Democratising investments is not just about access
- 8 hours ago
- 3 min read

One of the hotter stories in the financial press recently involves Blue Owl, a US specialist manager in private credit. One of its retail‑facing funds, Blue Owl Capital Corporation II, permanently restricted redemptions. Instead of allowing investors to redeem up to 5% of the fund each quarter, the manager will now liquidate assets gradually and return capital over time.
The decision followed redemption pressure after investors became concerned about loan valuations, many of which relate to software companies. The underlying assets are illiquid. When too many investors want their money back at once, the structure simply cannot cope.
For retail investors, the outcome is stark: capital that was assumed to be accessible is now effectively locked up.
Unfortunately, this is not an isolated incident. UK investors will remember the mini‑bond scandal, which harmed many yield‑seeking individuals. At the time, some products were marketed as “democratising asset‑backed, high‑income investments”. The language was reassuring. The reality was far less so.
In recent years, “democratising investments” has become one of the most overused phrases used by investment product providers. It sounds investor‑friendly. In practice, it is too often just a marketing slogan.
The word “democratisation” carries powerful connotations. It suggests something inherently good: opening up opportunities once reserved for large institutions—private equity, private credit, hedge funds, real assets—to a wider audience. As a former colleague once put it, the term creates a “halo effect” around the provider.

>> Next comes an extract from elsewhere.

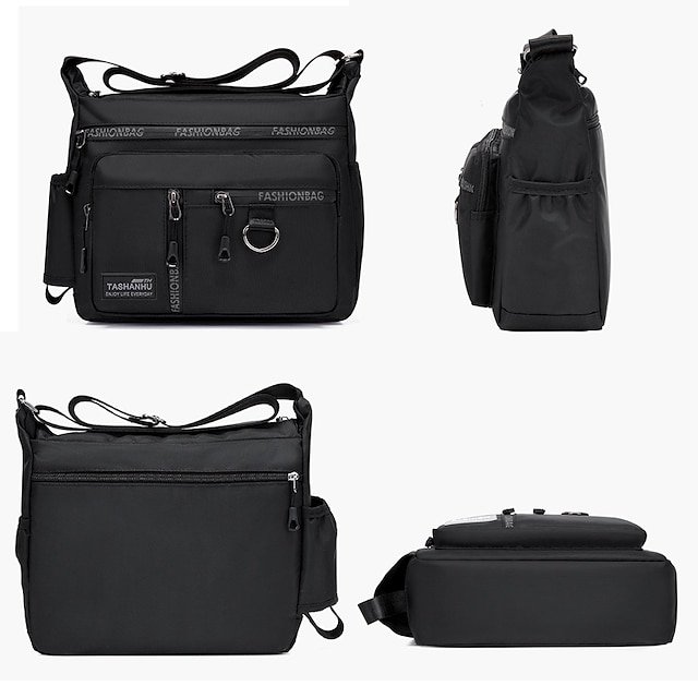 Men’s Black Multi-pocket Nylon Crossbody Messenger Bag –

But what does democratisation actually mean?
A quick review of dictionary definitions shows that the term is most commonly associated with politics and governance. Only one definition—Britannica—frames it as “making something available to all people”. Crucially, however, it adds a second and often ignored dimension: “making it possible for all people to understand something”. This is where the industry’s use of the term begins to fall apart.

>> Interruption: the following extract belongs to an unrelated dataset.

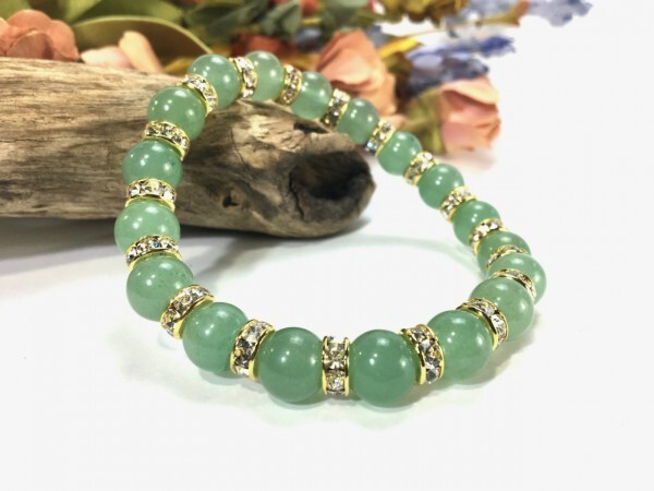 - アベンチュリン パワーストーン ブレスレット 天然石ブレス 10mm メンズ・レディース (ロンデル:ゴールド) 開運 浄化 数珠ブレス♪

There has been genuine progress on access. Minimum investment sizes have fallen, distribution channels have expanded, and structures have been repackaged for the retail market. On that narrow definition, democratisation has been a success.

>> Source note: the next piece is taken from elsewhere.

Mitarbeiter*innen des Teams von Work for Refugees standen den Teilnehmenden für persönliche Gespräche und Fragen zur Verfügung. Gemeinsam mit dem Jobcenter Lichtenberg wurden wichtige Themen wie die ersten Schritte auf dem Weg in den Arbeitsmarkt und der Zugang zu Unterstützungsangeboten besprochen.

Understanding, however, has not kept pace.
Private equity and private credit behave very differently from traditional listed assets. Liquidity is limited. Valuations are infrequent and often model‑driven. Exit routes depend on market conditions that may not exist when investors want—or need—their money.
Institutional investors are better placed to live with these features. They have long investment horizons, predictable liabilities, and professional governance structures. Most individual investors do not. Liquidity needs can change quickly, driven by job losses, health issues, education costs, or family events.
Even investors who are comfortable remaining invested are affected by the actions of others. When redemption requests rise, managers may be forced to sell illiquid assets at material discounts, eroding returns for everyone.
None of this means that retail investors should be excluded from alternative investments. Many are perfectly capable of understanding complexity and risk. The problem lies in pretending that broader access alone amounts to democratisation.
If the term is to mean anything beyond marketing, it must also include education, transparency, and suitability. That means clearer communication of liquidity risks, more realistic expectations about valuations, and advice that places these investments within a proper financial planning framework.
True democratisation is not about selling institutional products to individuals. It is about ensuring investors genuinely understand what they are buying, why they are buying it, and when it may produce uncomfortable outcomes. Without that, “democratising investments” is little more than a comforting phrase—and one that risks doing more harm than good.